▶ _Task goal_:
Each record that comes next should be output exactly; pictures do not belong in the copy.

▶ _Records provided_:
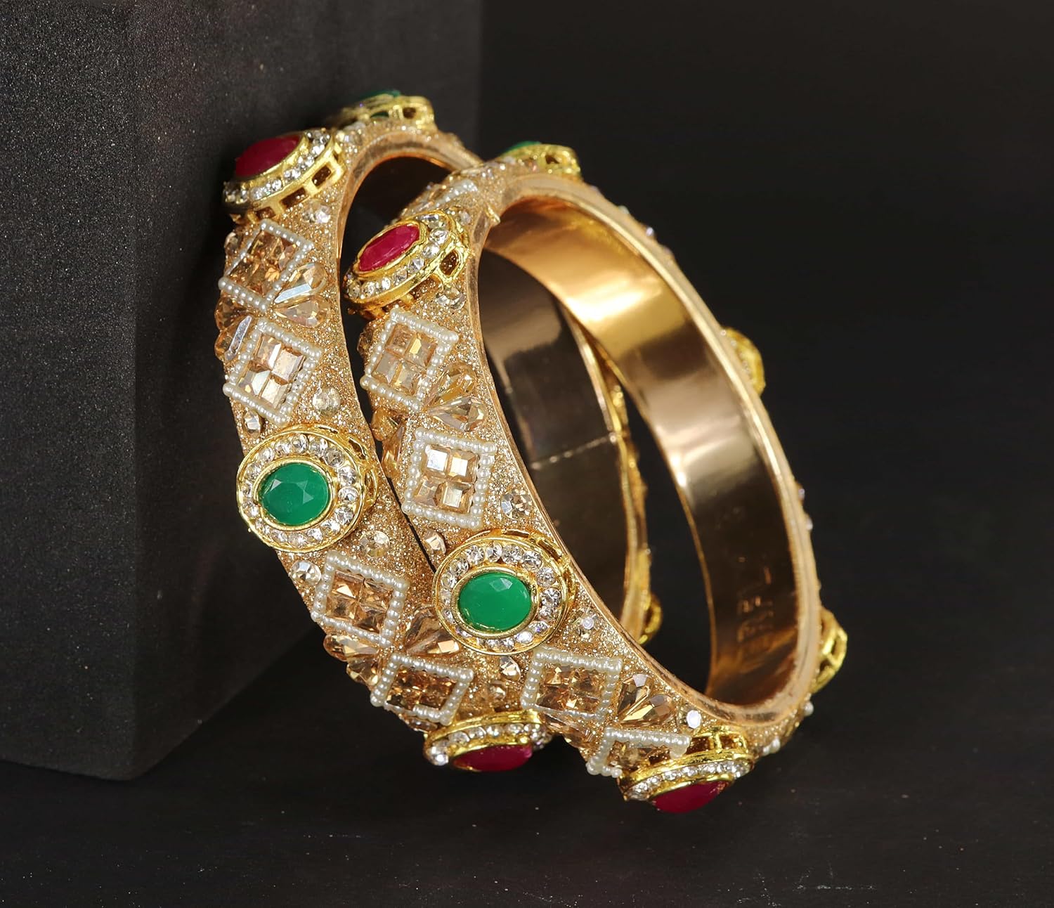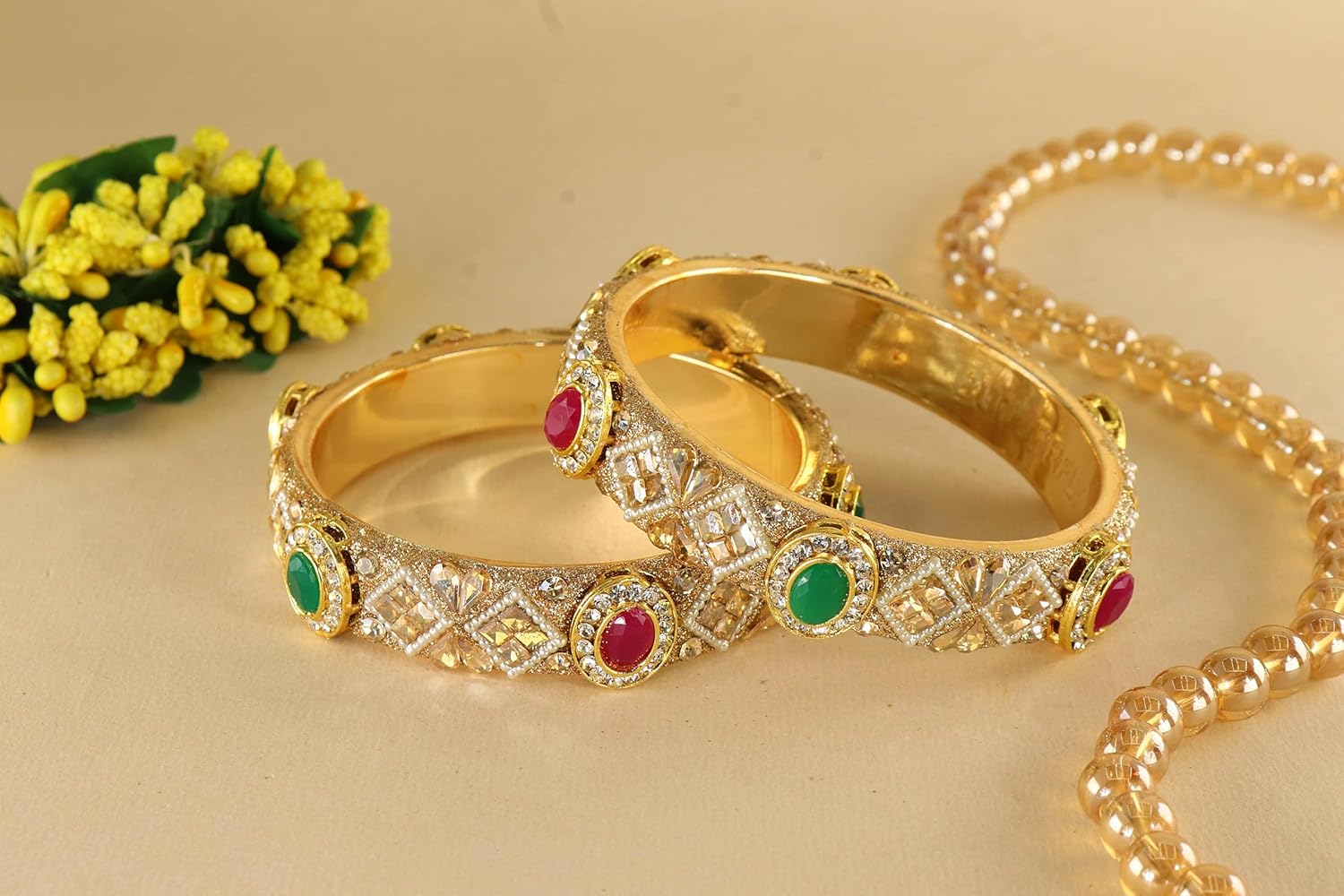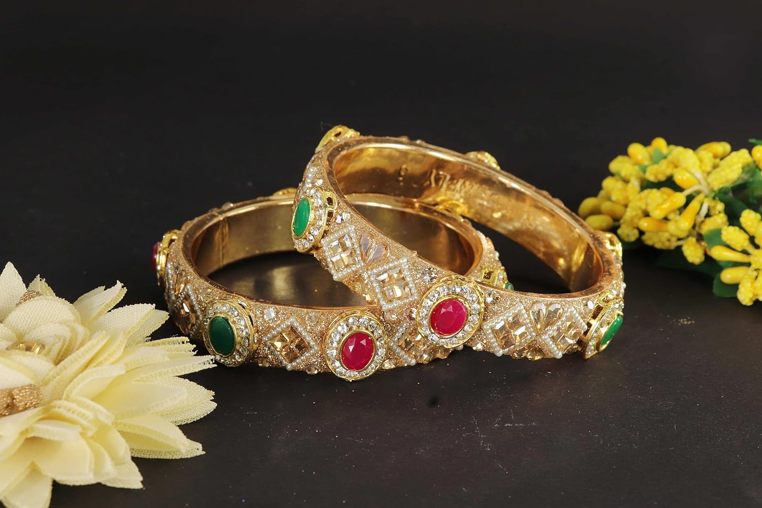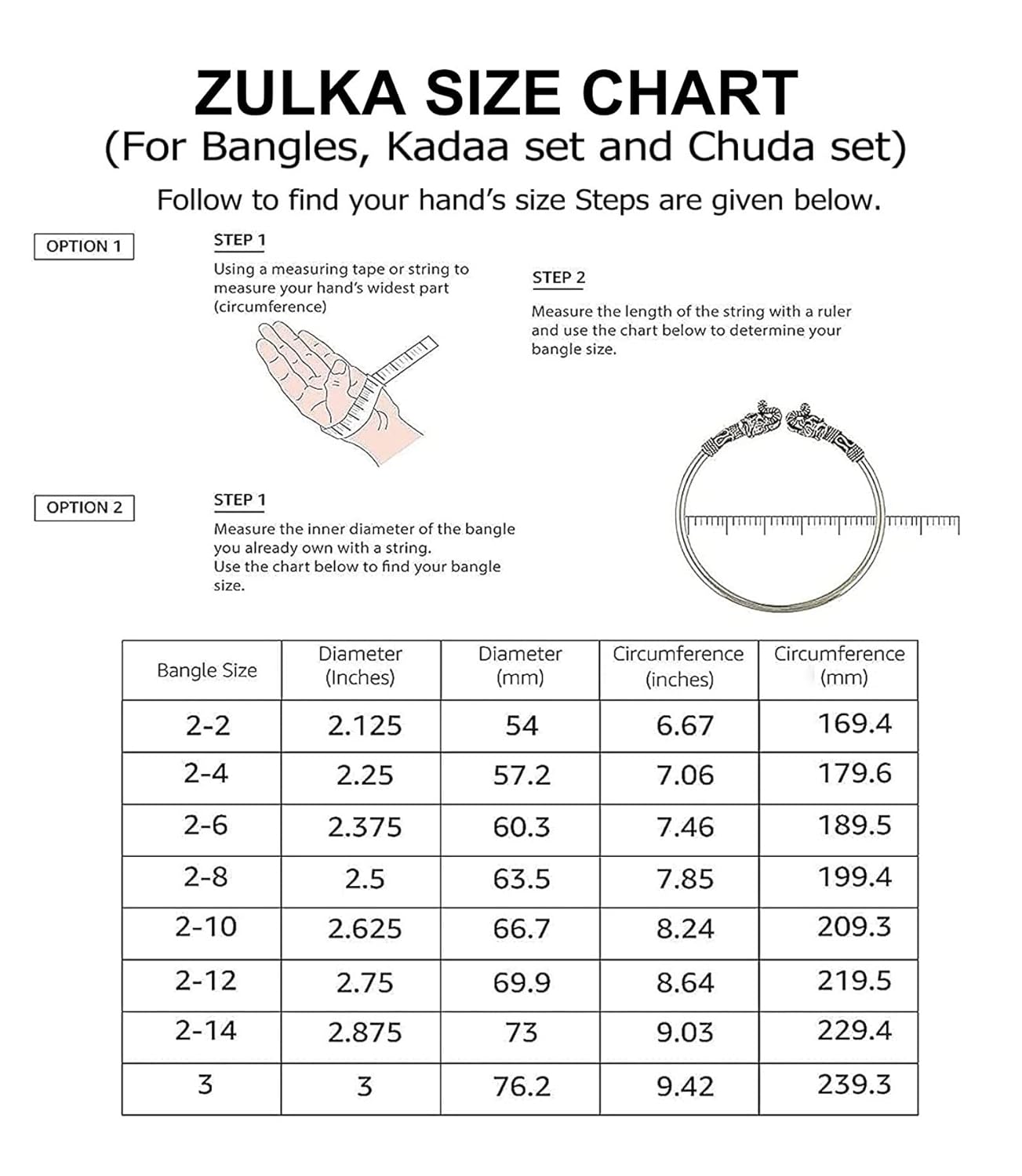 ZULKA Presents Traditional Gold Plated Brass Metal Bangles Set For Women & Girls with Golden Zircon Diamonds, Kundan Stones & Beads Work. These Designer Women Bangles Set is a Beautiful piece of Hand Jewellery that combines New Style with Modern Beauty, capture the essence of a Wedding, Party, Anniversary, Function, Festival, Daily Wear & Special Occasion. These Bangles are made from High-Quality Golden Brass Metal, Zircon Diamond, Kundan Stones & Beads. Those Bangles are durable and of vibrant colours symbolizes love, passion, and new beginnings. The intricate design showcases ZULKA’s skillful craftsmanship, ensuring you shine on your special day. The set also doubles as a versatile piece of bridal jewelry, complementing a wide range of outfits, including classic red sarees and modern lehengas. ZULKA prides itself on offering the finest quality, timeless style, and unwavering commitment to tradition. The set is designed to make your Special day extra special, ensuring you look and feel your best. Elevate your bridal ensemble with ZULKA’s Bangles Set and make memories that will last a lifetime. These ZULKA’s Designer Bangles Set Have a Premium Finish and are Perfect for Weddings, Engagements, Functions, Festival, Rituals, and Events. The Brand ZULKA sells all types of Glass Bangles, Metal Bangles, Acrylic Bangles, Chuda Sets, Kaleera Latkan Sets, Kadas, Bracelets, Women’s and Girls Traditional to Modern Jewellery, and many More. And Please Refer to our Size Chart to Know your Hand Size Precisely. Clean bangles with a smooth cotton cloth, avoid direct water, perfume, deodorant, sunlight, and chemicals, and store in an airtight zip-lock pouch to maintain longevity. Thank You For Choosing ZULKA’s Traditional Women’s Bangles Collection on Amazon.
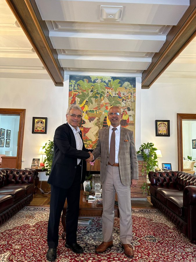 Ambassador Mridul Kumar received Mr. Andreas Blinkert, President of 2000-Watt-Smart-Cities Association at India House on 18 June 2024. They discussed ongoing projects in Pune and other cities and ways to mitigate adverse effects of climate change in India through implementation of the concept.
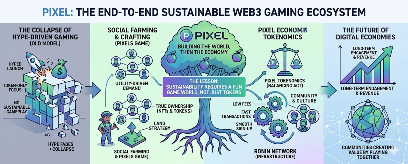 That is why PIXEL is important. It shows a mature way of doing Web3 gaming. This way the gameplay, keeping players, community and economics that work in the term are just as important as the tokens. PIXEL is built around a game called Pixels, which's a social farming game that uses the Ronin Network. The project focuses on what games should focus on: being fun letting players progress and having meaningful interactions.
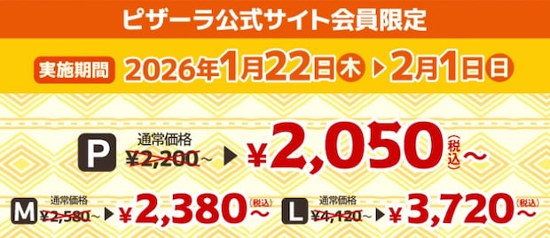 対象注文:ピザーラ公式サイトからの注文限定
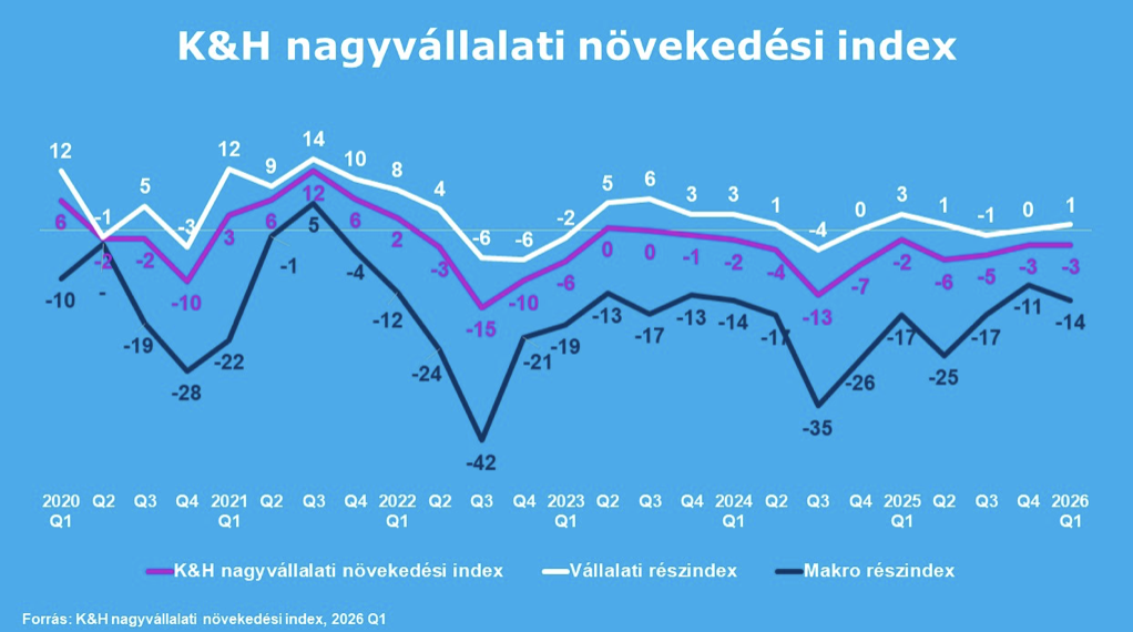 The K&H large corporate growth index shows no significant shift compared to the previous quarter: similarly to the previous quarter, it now stands at -3 points. Although the upward trend measured since the middle of last year is now expected to continue, the stagnation implies a kind of healthy wait-and-see attitude on the part of company managers. The macroeconomic subindex currently stands at -14 points; The slight decline in the indicator does not mean a decline, but indicates that the improvement of recent quarters has entered a stabilization phase. In parallel, the corporate sub-index, which includes microeconomic factors, strengthened to 1 point, which reflects a small but definitely positive shift compared to the fourth quarter of 2025.
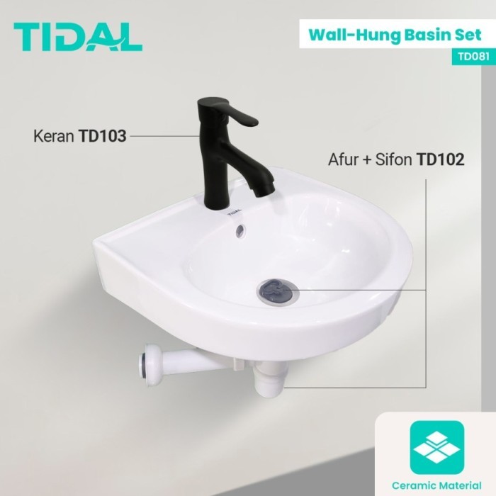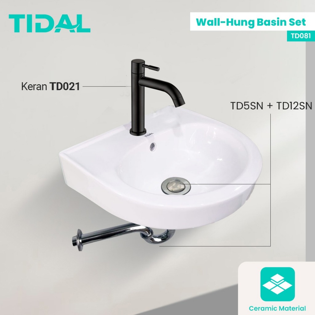 Set Wastafel Keramik Gantung Tembok Tidal TD081 Minimalis
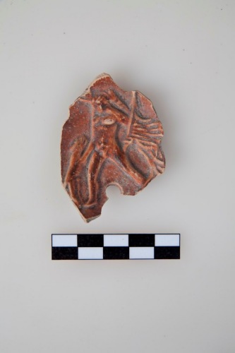 Frammento di disco figurato rappresentante Atteone assalito da un cane: Atteone stante verso s. con lancia nella s., braccio d. sollevato armato del pedum nellatto di difendersi dal cane che lo assale, clamide svolazzante poggiata sul braccio s.
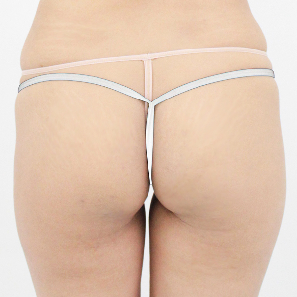 | ゴールドリングで伸縮性のある2wayストレッチ素材の紐をジョイント!極限まで露出した大胆過激な日本製のレディース用Gストリング(白)。 |
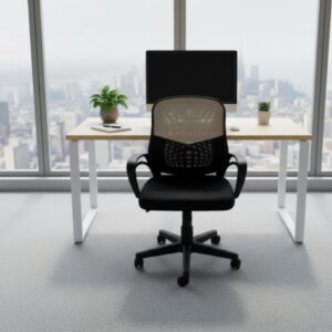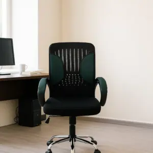 كرسي مكتب طبي بدعم قطني – مريح للظهر، شبك تهوية، دوران 360 موديل دبى
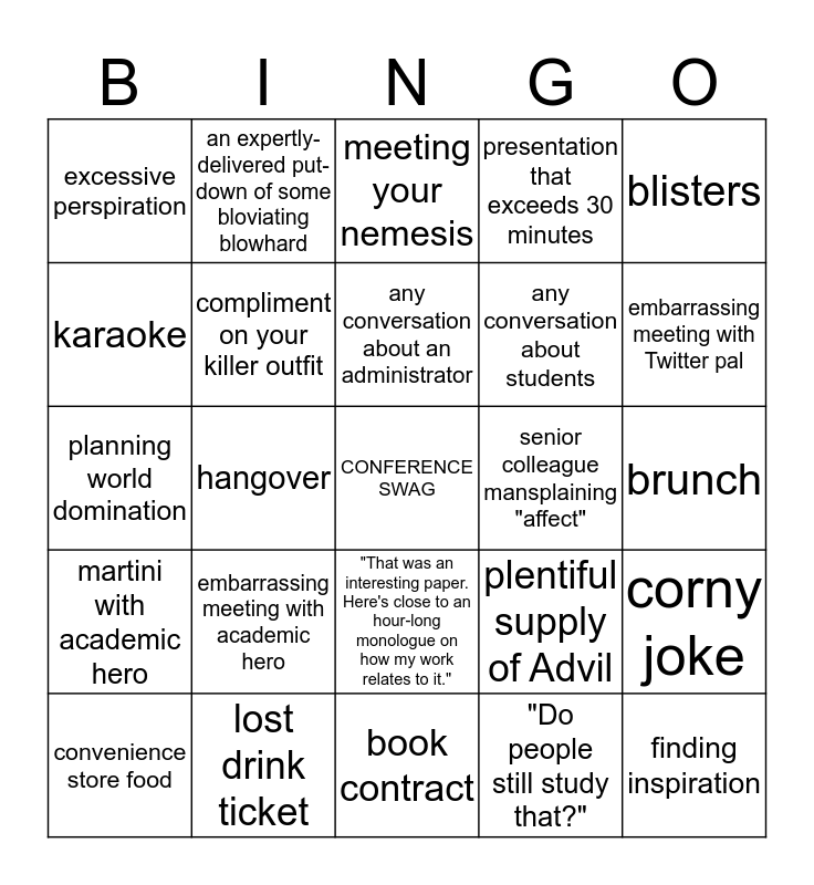 This bingo card has a free space and 24 words: embarrassing meeting with academic hero, lost drink ticket, any conversation about an administrator, convenience store food, blisters, excessive perspiration, karaoke, an expertly-delivered put-down of some bloviating blowhard, senior colleague mansplaining "affect", "That was an interesting paper. Here's close to an hour-long monologue on how my work relates to it.", any conversation about students, planning world domination, plentiful supply of Advil, corny joke, compliment on your killer outfit, "Do people still study that?", brunch, meeting your nemesis, embarrassing meeting with Twitter pal, hangover, finding inspiration, martini with academic hero, presentation that exceeds 30 minutes and book contract.

▶ _Exercise response_:
 ZULKA Presents Traditional Gold Plated Brass Metal Bangles Set For Women & Girls with Golden Zircon Diamonds, Kundan Stones & Beads Work. These Designer Women Bangles Set is a Beautiful piece of Hand Jewellery that combines New Style with Modern Beauty, capture the essence of a Wedding, Party, Anniversary, Function, Festival, Daily Wear & Special Occasion. These Bangles are made from High-Quality Golden Brass Metal, Zircon Diamond, Kundan Stones & Beads. Those Bangles are durable and of vibrant colours symbolizes love, passion, and new beginnings. The intricate design showcases ZULKA’s skillful craftsmanship, ensuring you shine on your special day. The set also doubles as a versatile piece of bridal jewelry, complementing a wide range of outfits, including classic red sarees and modern lehengas. ZULKA prides itself on offering the finest quality, timeless style, and unwavering commitment to tradition. The set is designed to make your Special day extra special, ensuring you look and feel your best. Elevate your bridal ensemble with ZULKA’s Bangles Set and make memories that will last a lifetime. These ZULKA’s Designer Bangles Set Have a Premium Finish and are Perfect for Weddings, Engagements, Functions, Festival, Rituals, and Events. The Brand ZULKA sells all types of Glass Bangles, Metal Bangles, Acrylic Bangles, Chuda Sets, Kaleera Latkan Sets, Kadas, Bracelets, Women’s and Girls Traditional to Modern Jewellery, and many More. And Please Refer to our Size Chart to Know your Hand Size Precisely. Clean bangles with a smooth cotton cloth, avoid direct water, perfume, deodorant, sunlight, and chemicals, and store in an airtight zip-lock pouch to maintain longevity. Thank You For Choosing ZULKA’s Traditional Women’s Bangles Collection on Amazon.
 Ambassador Mridul Kumar received Mr. Andreas Blinkert, President of 2000-Watt-Smart-Cities Association at India House on 18 June 2024. They discussed ongoing projects in Pune and other cities and ways to mitigate adverse effects of climate change in India through implementation of the concept.
 That is why PIXEL is important. It shows a mature way of doing Web3 gaming. This way the gameplay, keeping players, community and economics that work in the term are just as important as the tokens. PIXEL is built around a game called Pixels, which's a social farming game that uses the Ronin Network. The project focuses on what games should focus on: being fun letting players progress and having meaningful interactions.
 対象注文:ピザーラ公式サイトからの注文限定
 The K&H large corporate growth index shows no significant shift compared to the previous quarter: similarly to the previous quarter, it now stands at -3 points. Although the upward trend measured since the middle of last year is now expected to continue, the stagnation implies a kind of healthy wait-and-see attitude on the part of company managers. The macroeconomic subindex currently stands at -14 points; The slight decline in the indicator does not mean a decline, but indicates that the improvement of recent quarters has entered a stabilization phase. In parallel, the corporate sub-index, which includes microeconomic factors, strengthened to 1 point, which reflects a small but definitely positive shift compared to the fourth quarter of 2025.
 Set Wastafel Keramik Gantung Tembok Tidal TD081 Minimalis
 Frammento di disco figurato rappresentante Atteone assalito da un cane: Atteone stante verso s. con lancia nella s., braccio d. sollevato armato del pedum nellatto di difendersi dal cane che lo assale, clamide svolazzante poggiata sul braccio s.
 | ゴールドリングで伸縮性のある2wayストレッチ素材の紐をジョイント!極限まで露出した大胆過激な日本製のレディース用Gストリング(白)。 |
 كرسي مكتب طبي بدعم قطني – مريح للظهر، شبك تهوية، دوران 360 موديل دبى
 This bingo card has a free space and 24 words: embarrassing meeting with academic hero, lost drink ticket, any conversation about an administrator, convenience store food, blisters, excessive perspiration, karaoke, an expertly-delivered put-down of some bloviating blowhard, senior colleague mansplaining "affect", "That was an interesting paper. Here's close to an hour-long monologue on how my work relates to it.", any conversation about students, planning world domination, plentiful supply of Advil, corny joke, compliment on your killer outfit, "Do people still study that?", brunch, meeting your nemesis, embarrassing meeting with Twitter pal, hangover, finding inspiration, martini with academic hero, presentation that exceeds 30 minutes and book contract.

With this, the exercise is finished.